For some, it may be difficult to read this book without being critical, not only of the characters’ choices that embroil them in ever deepening layers of ethical complexity, but also of the growing numbers of people who willingly agree to subject their closest relationships to the potential of unravelment. Yet this is a book best read through an impartial lens, as it offers a window into the way that we are now compelled to negotiate the unprecedented sexual liberation that characterizes our era, in which one is expected to confront the question of one’s sexual orientation, preferences, and priorities. One in which a wife might help her husband “fix” his Tinder profile, as Shira does for Ben. When Ben admits to feeling jealous, Shira admonishes him, "Jealousy is not an emotion. It’s a social construct. It has to do with who you are and how you feel about yourself. Only you can change how you react.”
As readers, we feel Ben’s hurt and confusion when his wife reassures him that she loves him and doesn’t intend to leave him. When he replies, “But I can’t give you what Liz gives you,” Shira tells him,
No, you can’t. And she can’t give me what you give me. It’s not fair to expect our partners to be everything at all times: lover. Playmate, critic, partier in crime, headshrinker, sounding board, whipping post. I know I can’t be all things to you. That’s why a girlfriend might help. Someone to give you what I can’t give.
One of the things that Shira can’t give Ben, or herself, is a baby, and it feels like a logical plot development when Liz agrees to have a baby with Ben (IVF conceived, of course). When Liz gets pregnant the three agree to parent the baby together. It is at this point the book opens a different ethical dilemma, that of surrogacy and parenting. Though everyone is thrilled with the prospect of parenthood, no one is sure how its reality is going to unfold.
Things seem to be somehow working out, except that, with Shira’s enthusiastic encouragement, Ben too has begun a relationship with a woman, Pamela, whom he duly informs about his marital status. Inevitable complications ensue when Pamela also gets pregnant with Ben’s child. It’s a situation that feels contrived, but also entirely possible, a scenario that calls all received knowlege about love, marriage, fidelity, and family, into question.
The story is told from Ben’s point of view, and Papernick doesn’t shy away from detailed descriptions of his protagonist's sexual encounters with his wife and lover.

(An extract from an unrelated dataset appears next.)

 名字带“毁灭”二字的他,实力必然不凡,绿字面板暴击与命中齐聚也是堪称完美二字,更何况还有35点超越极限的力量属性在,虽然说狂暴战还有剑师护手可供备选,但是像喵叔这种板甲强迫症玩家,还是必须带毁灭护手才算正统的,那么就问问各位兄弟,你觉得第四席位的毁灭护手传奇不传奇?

The book is replete with sex and sexuality, but it doesn’t feel gratuitous. This book, after all, trains its focus on what plays out in the bedroom, and the subsequent repercussions.
“Well, what is the child going to be?” Ben, ever perplexed by the situations he finds himself in, asks Pamela. “What about church and Christmas and Jesus? You grew up with Jesus, right? I can’t do Jesus. I just can’t.” Pamela reassures him that she believes in nothing, and so the child is going to be nothing. But Ben is far from reassured.
A cold wave of sadness swept over Ben, his body chilled by the fact that this baby, inching ever so gradually towards being, was already nothing, cut off from wisdom and tradition Ben himself had chosen again and again to ignore. He had made a choice. This child would have no such choice.
This is the stark, even chilling place, where the story ends. It might be nice to provide one’s child with the traditional, if imperfect, framework of a stable two-parent family, but in our brave new world of unlimited choice and ever-shifting identities, those certainties just might be a thing of the past.